Faculty of Pharmaceutical Sciences, Tokyo University of Science, Noda, Yamazaki, Chiba, 2641, Japan.
Center for Kampo Medicine, Keio University School of Medicine, 35, Shinanomachi, Shinjuku-ku, Tokyo, Japan.
BMC Med Inform Decis Mak. 2023 Jul 13;23(1):119. doi: 10.1186/s12911-023-02230-3.

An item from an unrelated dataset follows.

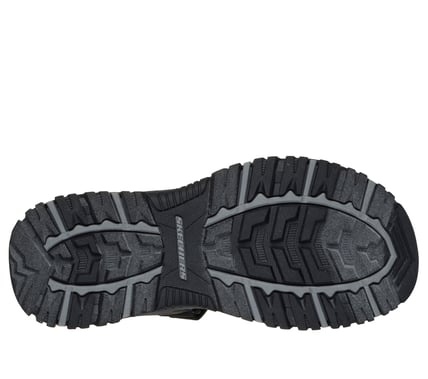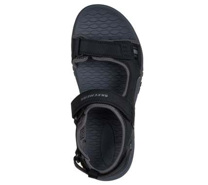 Travel all day in long-lasting comfort with Skechers Relaxed Fit®: Prewitt - Rigdon. This roomy vegan sandal features a synthetic upper with 3 adjustable strap closures and a cushioned Luxe Foam® footbed.

Kampo medicine is widely used in Japan; however, most physicians and pharmacists have insufficient knowledge and experience in it. Although a chatbot-style system using machine learning and natural language processing has been used in some clinical settings and proven useful, the system developed specifically for the Japanese language using this method has not been validated by research. The purpose of this study is to develop a novel drug information provision system for Kampo medicines using a natural language classifier® (NLC®) based on IBM Watson.
The target Kampo formulas were 33 formulas listed in the 17th revision of the Japanese Pharmacopoeia. The information included in the system comes from the package inserts of Kampo medicines, Manuals for Management of Individual Serious Adverse Drug Reactions, and data on off-label usage. The system developed in this study classifies questions about the drug information of Kampo formulas input by natural language into preset questions and outputs preset answers for the questions. The system uses morphological analysis, synonym conversion by thesaurus, and NLC®. We fine-tuned the information registered into NLC® and increased the thesaurus. To validate the system, 900 validation questions were provided by six pharmacists who were classified into high or low levels of knowledge and experience of Kampo medicines and three pharmacy students.
The precision, recall, and F-measure of the system performance were 0.986, 0.915, and 0.949, respectively. The results were stable even with differences in the amount of expertise of the question authors.
We developed a system using natural language classification that can give appropriate answers to most of the validation questions.
汉方药在日本被广泛应用;然而,大多数医生和药剂师对其了解和经验不足。虽然在一些临床环境中已经使用了基于机器学习和自然语言处理的聊天机器人式系统,并被证明是有用的,但使用这种方法专门为日语开发的系统尚未通过研究验证。本研究的目的是使用基于 IBM Watson 的自然语言分类器(NLC®)为汉方药开发一种新的药物信息提供系统。
目标汉方制剂是日本药典第 17 版中列出的 33 种配方。系统中包含的信息来自汉方药的包装说明书、个别严重药物不良反应管理手册以及标签外使用的数据。本研究开发的系统将输入的关于汉方制剂药物信息的自然语言问题分类为预设问题,并为问题输出预设答案。该系统使用形态分析、同义词转换词库和 NLC®。我们对注册到 NLC®中的信息进行了微调,并增加了词库。为了验证系统,我们向六名药剂师和三名药学学生提供了 900 个验证问题,这些药剂师被分为对汉方药知识和经验水平较高和较低的两类。
系统性能的精度、召回率和 F 度量分别为 0.986、0.915 和 0.949。即使问题作者的专业知识数量存在差异,结果也很稳定。
我们开发了一种使用自然语言分类的系统,能够对大多数验证问题给出适当的答案。